All of the data below should come back exactly as written, minus its images.

Information supplied =
◆ ◆ ◆

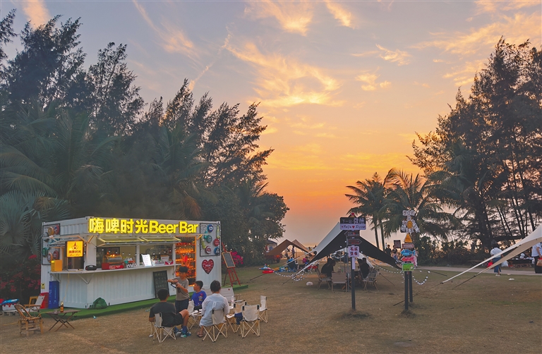 位于海口秀英区荣山寮村的金沙湾滨海公园里,市民游客带上露营装备来此享受惬意时光。 刘然 摄
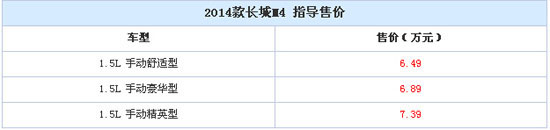 近日,從官方獲悉,2014款長城M4正式上市,此次上市新車共有3款,分別為舒適型、豪華型和精英型,其售價(jià)區(qū)間為6.49-7.39萬元。價(jià)格詳情見下表:
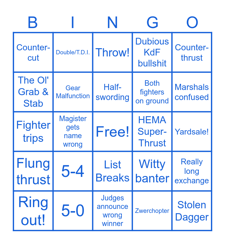This bingo card has a free space and 24 words: 5-4, 5-0, Half-swording, Ring out!, Counter-thrust, Counter-cut, The Ol' Grab & Stab, Double/T.D.I., HEMA Super-Thrust, List Breaks, Both fighters on ground, Fighter trips, Witty banter, Really long exchange, Gear Malfunction, Zwerchopter, Yardsale!, Throw!, Marshals confused, Magister gets name wrong, Stolen Dagger, Flung thrust, Dubious KdF bullshit and Judges announce wrong winner.
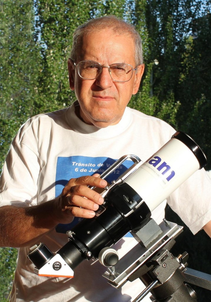 Nicolás Ortego es astrónomo de larga trayectoria en la divulgación astronómica, especialmente en el estudio del Sol y sus fenómenos asociados. Forma parte activa de la Agrupación Astronómica de Madrid, donde colabora en el grupo de Heliofísica, coordina labores de astrofotografía y participa en la revista Neomenia.

◆ ◆ ◆

Response area =
 位于海口秀英区荣山寮村的金沙湾滨海公园里,市民游客带上露营装备来此享受惬意时光。 刘然 摄
 近日,從官方獲悉,2014款長城M4正式上市,此次上市新車共有3款,分別為舒適型、豪華型和精英型,其售價(jià)區(qū)間為6.49-7.39萬元。價(jià)格詳情見下表:
This bingo card has a free space and 24 words: 5-4, 5-0, Half-swording, Ring out!, Counter-thrust, Counter-cut, The Ol' Grab & Stab, Double/T.D.I., HEMA Super-Thrust, List Breaks, Both fighters on ground, Fighter trips, Witty banter, Really long exchange, Gear Malfunction, Zwerchopter, Yardsale!, Throw!, Marshals confused, Magister gets name wrong, Stolen Dagger, Flung thrust, Dubious KdF bullshit and Judges announce wrong winner.
 Nicolás Ortego es astrónomo de larga trayectoria en la divulgación astronómica, especialmente en el estudio del Sol y sus fenómenos asociados. Forma parte activa de la Agrupación Astronómica de Madrid, donde colabora en el grupo de Heliofísica, coordina labores de astrofotografía y participa en la revista Neomenia.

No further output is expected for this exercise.